Much of this study focused upon the atypical antipsychotic aripiprazole to establish proof-of-principle - that previously unanticipated drug-fungus interactions have the potential to influence the outcome of invasive fungal disease. While its azole-antagonistic activity observed in vitro did not translate to reduced antifungal efficacy in the mouse model of disseminated infection, it expedites the progression of infection in the absence of antifungal therapy. Intuitively, this could be due to effect on the fungus that alter its inherent virulence, or upon the mammalian host that impact its intrinsic resistance to infection or its capacity to mount an effective immune response. Based on the observation that aripiprazole suppressed hyphal formation under in vitro conditions, and the importance of yeast-hypha morphogenesis to C. albicans virulence (47), worsened outcome with its administration the mouse model of infection is surprising. However, we did not observe any obvious effect of aripiprazole treatment upon C. albicans morphotype in tissue sections from infected mice.
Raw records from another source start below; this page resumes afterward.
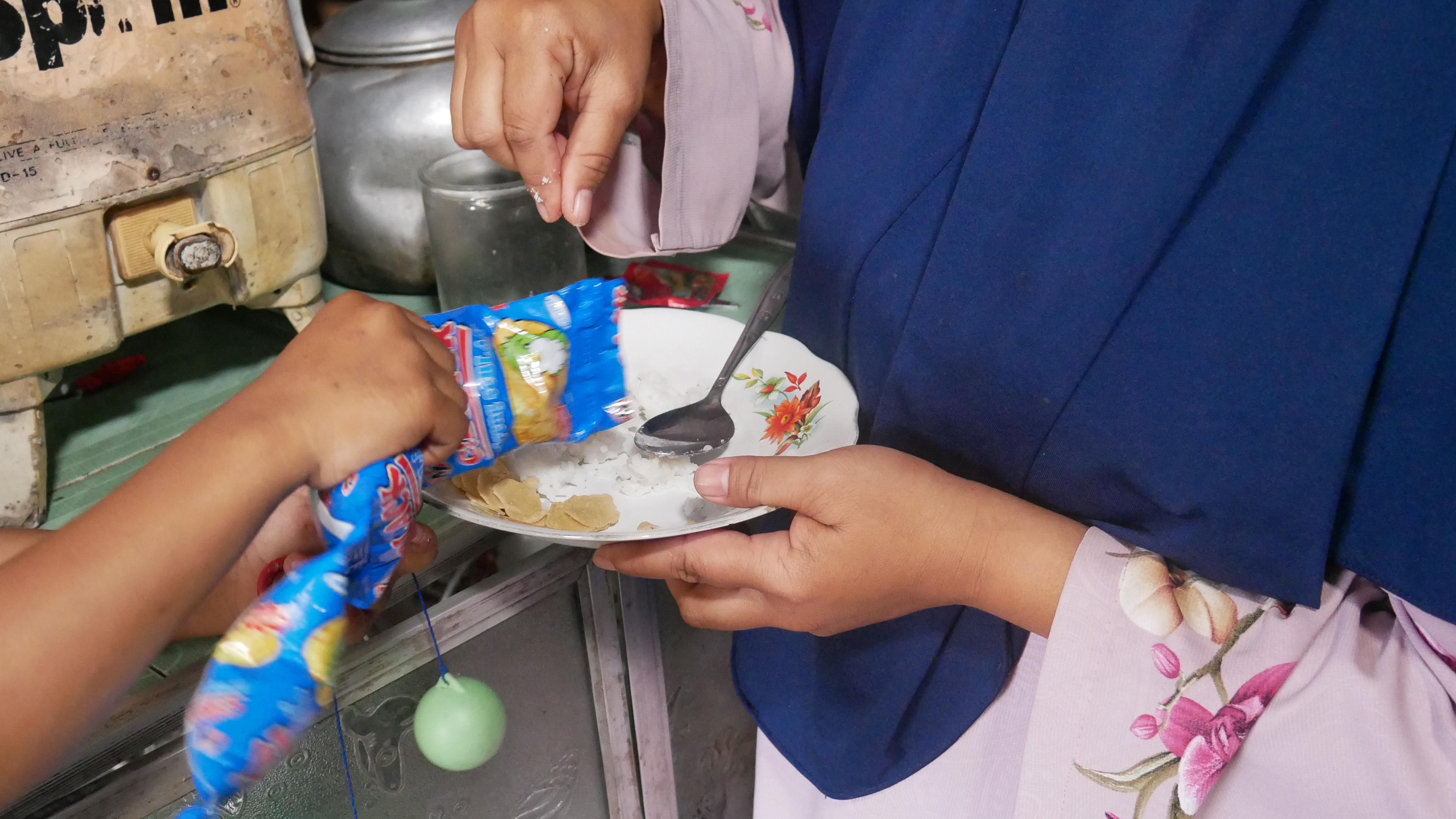 “Kadang-kadang, karena ga ada uang, untuk teman nasi anak-anak, pake snack jajanan anak yang 500 perak untuk lauk“, ujar Bu Siti.
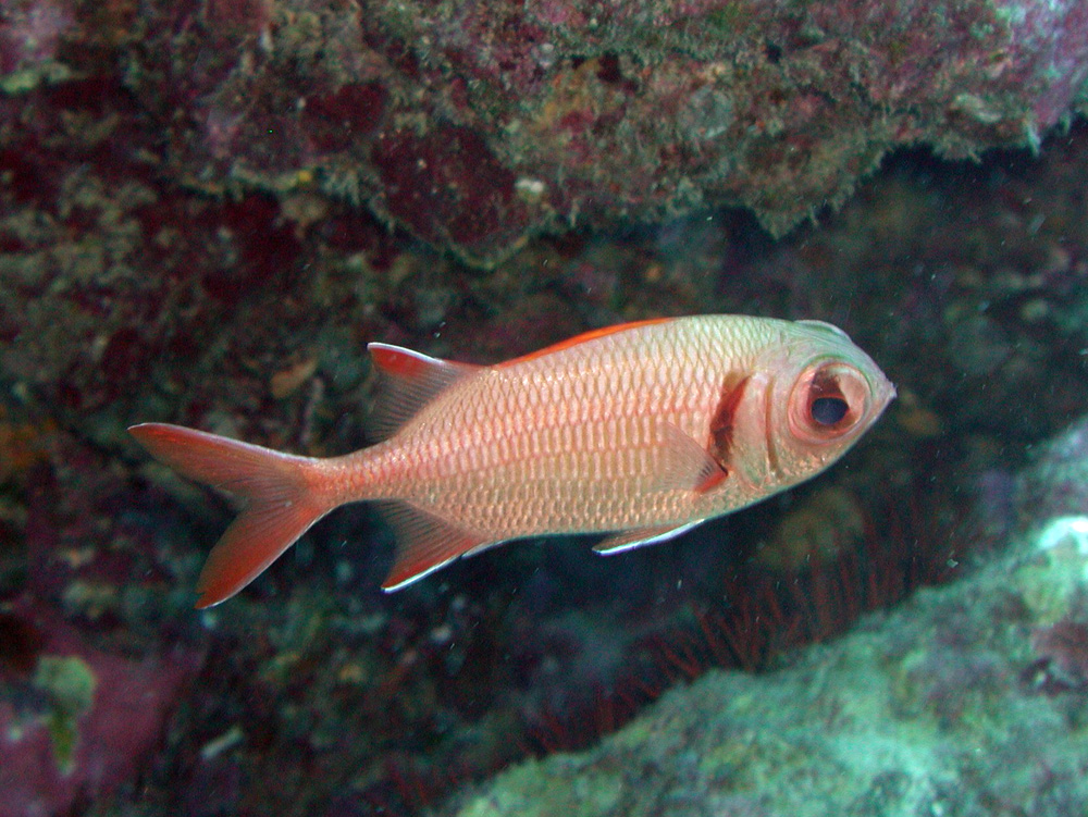 このお魚さんはちょっとした岩の陰にはどこにでもいますね。キンメダイのように美味しいのかしら。
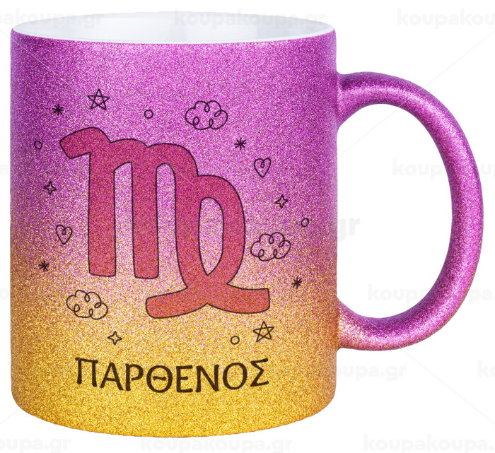 Ζώδια Παρθένος, Κούπα Χρυσή/Ροζ Glitter, κεραμική, 330ml
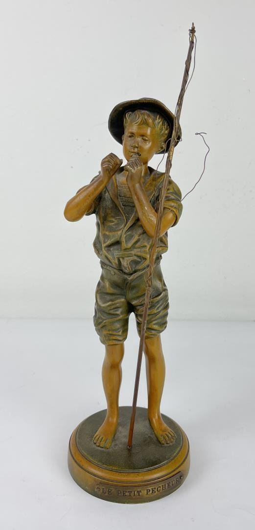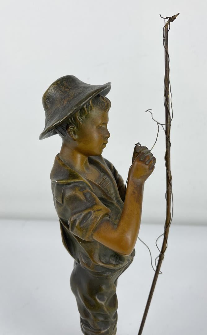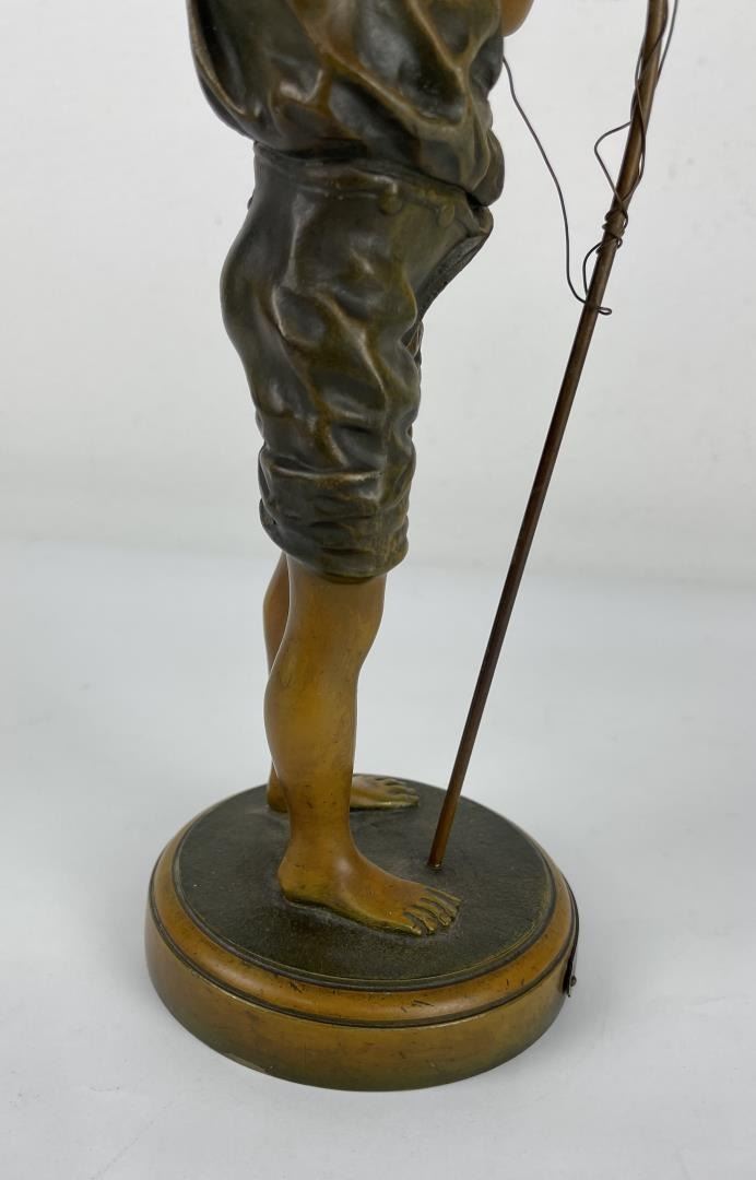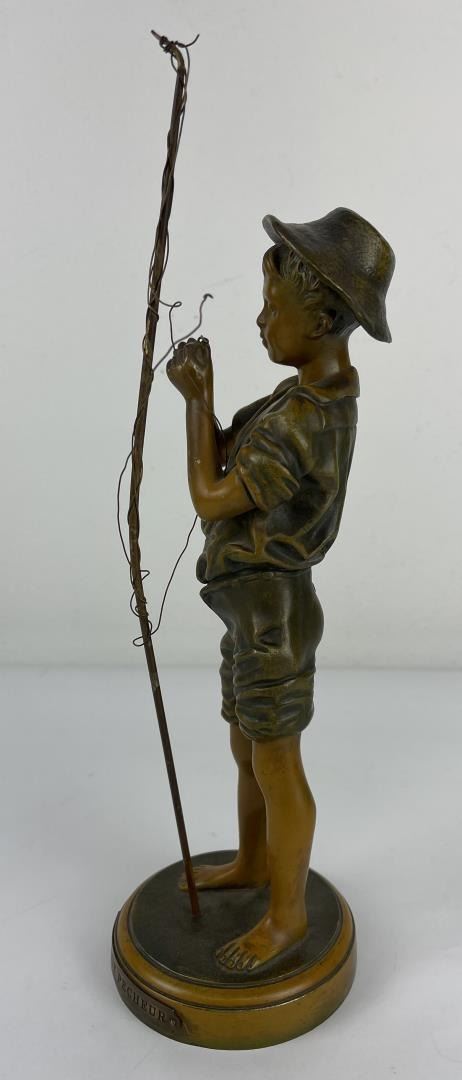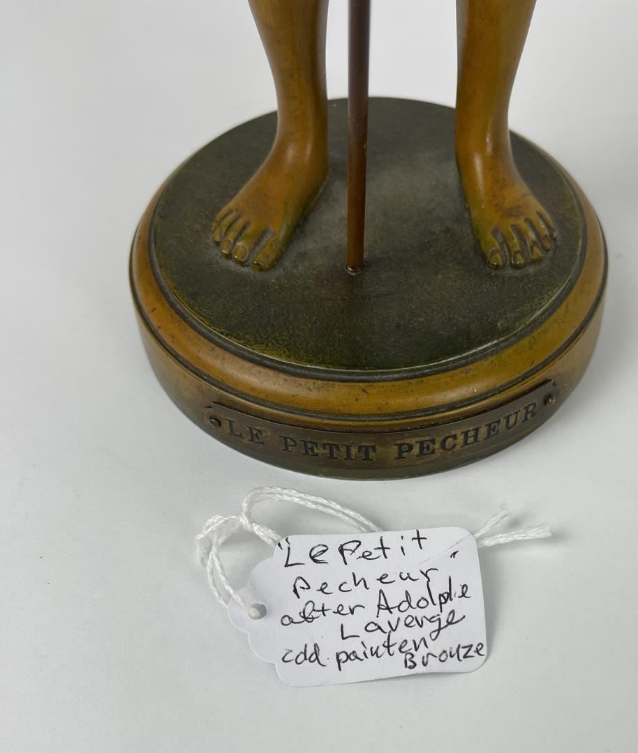 Nice cold painted austrian bronze by Adophe Jean Lavergne. Title is The Little Fisherman. 14" tall.

Thus, given the multitude of signaling pathways able to activate yeast-hypha morphogenesis (25), it is possible that aripiprazole’s effect upon hyphal growth is lessened by robust filamentation cues within mammalian tissue. An alternative possibility is that by delaying the transition of the yeast form provided in the initial inoculum into the more tissue invasive form, aripiprazole enhances the dispersal of infectious particles from initial foci of infection, leading to a greater number of active infection sites within the kidney and other tissues. Either way, the tissue lesions observed in C. albicans infected mice treated with aripiprazole are much larger, levels of kidney damage sustained greater, and the lesions are associated with elevated levels of immune cell infiltration compared to the mock treated controls.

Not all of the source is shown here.